→ Extracted data:
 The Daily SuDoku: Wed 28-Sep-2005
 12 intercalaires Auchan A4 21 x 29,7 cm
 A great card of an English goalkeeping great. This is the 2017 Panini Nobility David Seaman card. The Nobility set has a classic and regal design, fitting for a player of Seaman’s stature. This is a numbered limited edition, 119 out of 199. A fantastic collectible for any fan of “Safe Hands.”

* * *

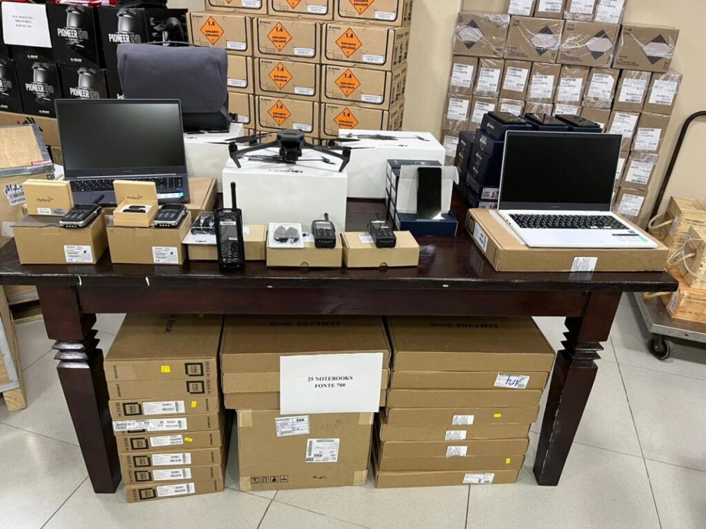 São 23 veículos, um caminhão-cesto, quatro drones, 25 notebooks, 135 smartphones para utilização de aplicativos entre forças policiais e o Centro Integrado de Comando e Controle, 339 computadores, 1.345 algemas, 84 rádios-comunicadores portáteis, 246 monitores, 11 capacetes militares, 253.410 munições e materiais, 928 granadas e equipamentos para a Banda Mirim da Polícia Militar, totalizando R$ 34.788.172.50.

→ Activity: In the listing above, find the line holding "The Daily SuDoku: Wed 28-Sep-2005" and the line holding "A great card", then output those two lines and every line between them exactly.

→ Completed task:
 The Daily SuDoku: Wed 28-Sep-2005
 12 intercalaires Auchan A4 21 x 29,7 cm
 A great card of an English goalkeeping great. This is the 2017 Panini Nobility David Seaman card. The Nobility set has a classic and regal design, fitting for a player of Seaman’s stature. This is a numbered limited edition, 119 out of 199. A fantastic collectible for any fan of “Safe Hands.”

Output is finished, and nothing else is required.